Work item: Pictures stay out of the output. Return exactly the lines below from the one with "A shell hit" down to the one with "An electron micrograph", both included, and nothing more.

Records supplied:

+ + + + + + +

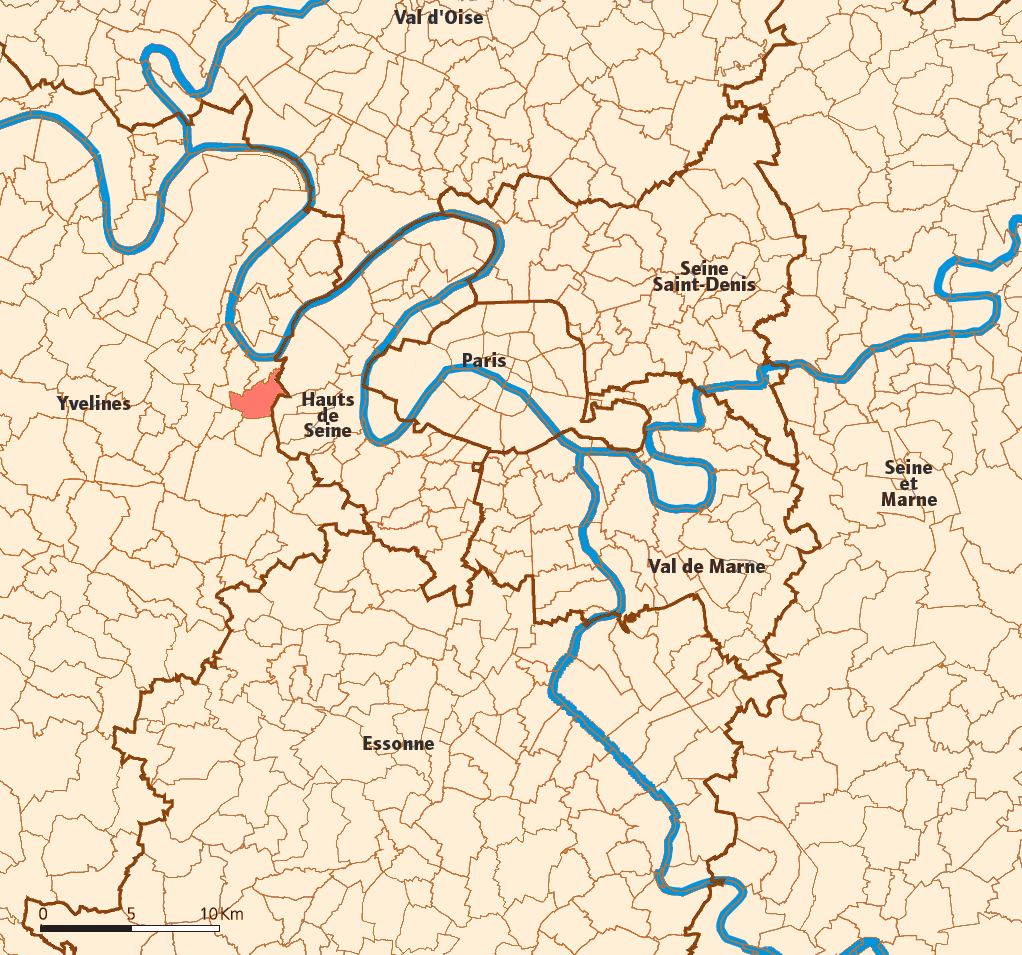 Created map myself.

+ + + + + + +

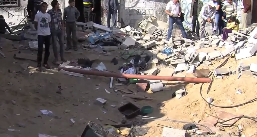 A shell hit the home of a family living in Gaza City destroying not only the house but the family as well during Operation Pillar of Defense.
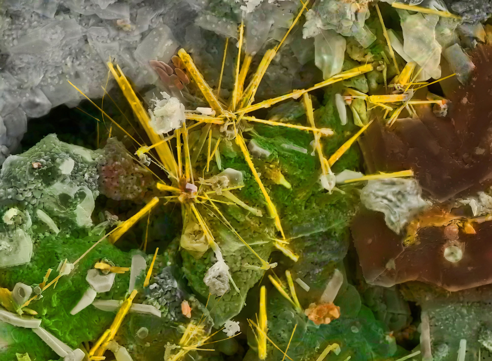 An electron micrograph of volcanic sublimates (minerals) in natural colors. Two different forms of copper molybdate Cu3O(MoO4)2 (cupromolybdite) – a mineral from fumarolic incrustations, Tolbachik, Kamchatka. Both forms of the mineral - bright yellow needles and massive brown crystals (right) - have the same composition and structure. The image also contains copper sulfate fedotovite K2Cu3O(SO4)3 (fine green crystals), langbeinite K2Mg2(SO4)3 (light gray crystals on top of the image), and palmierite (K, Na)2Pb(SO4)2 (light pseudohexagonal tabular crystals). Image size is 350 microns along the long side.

+ + + + + + +

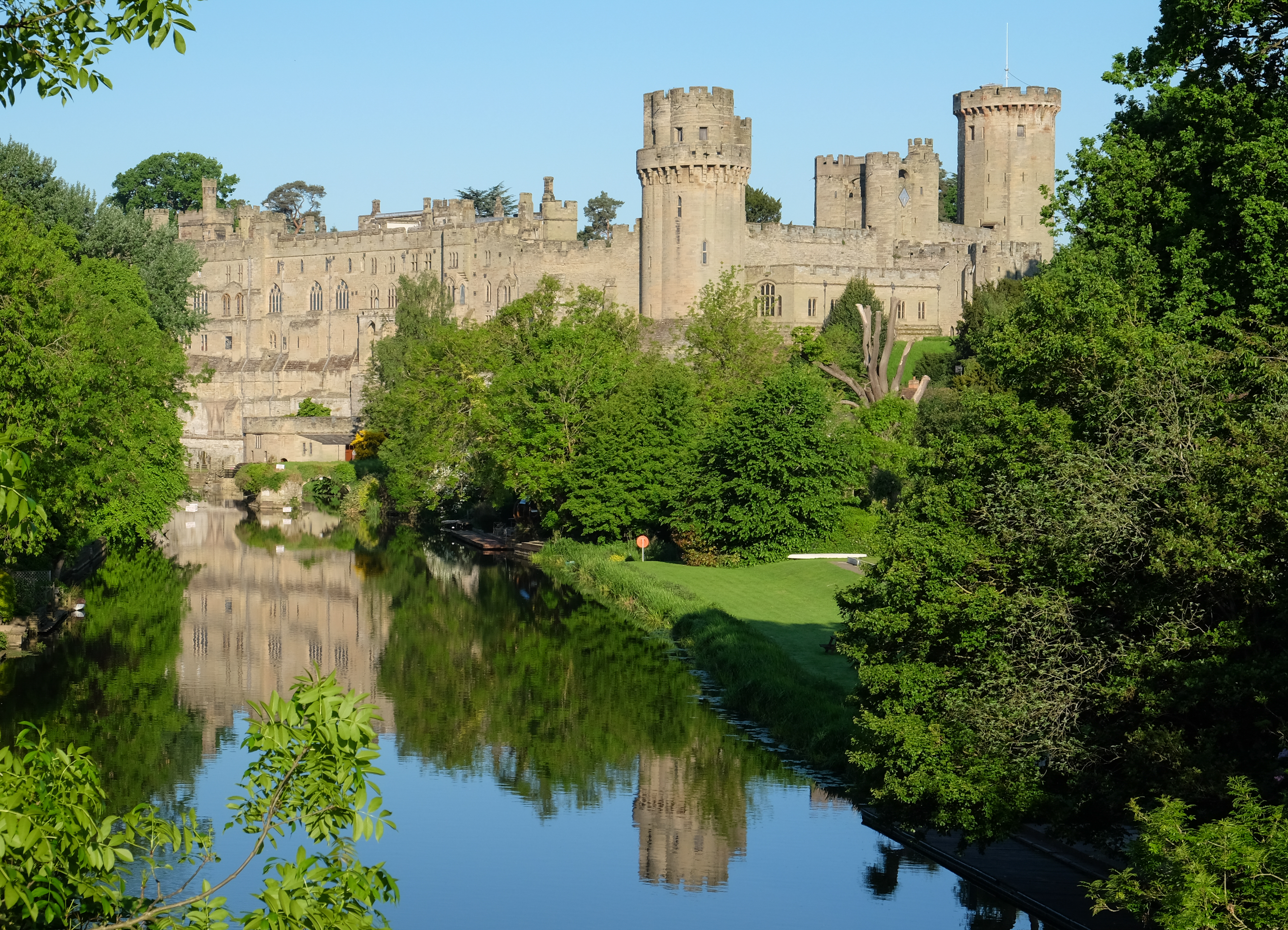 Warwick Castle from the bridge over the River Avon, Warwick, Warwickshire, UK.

+ + + + + + +

Output of the exercise:
 A shell hit the home of a family living in Gaza City destroying not only the house but the family as well during Operation Pillar of Defense.
 An electron micrograph of volcanic sublimates (minerals) in natural colors. Two different forms of copper molybdate Cu3O(MoO4)2 (cupromolybdite) – a mineral from fumarolic incrustations, Tolbachik, Kamchatka. Both forms of the mineral - bright yellow needles and massive brown crystals (right) - have the same composition and structure. The image also contains copper sulfate fedotovite K2Cu3O(SO4)3 (fine green crystals), langbeinite K2Mg2(SO4)3 (light gray crystals on top of the image), and palmierite (K, Na)2Pb(SO4)2 (light pseudohexagonal tabular crystals). Image size is 350 microns along the long side.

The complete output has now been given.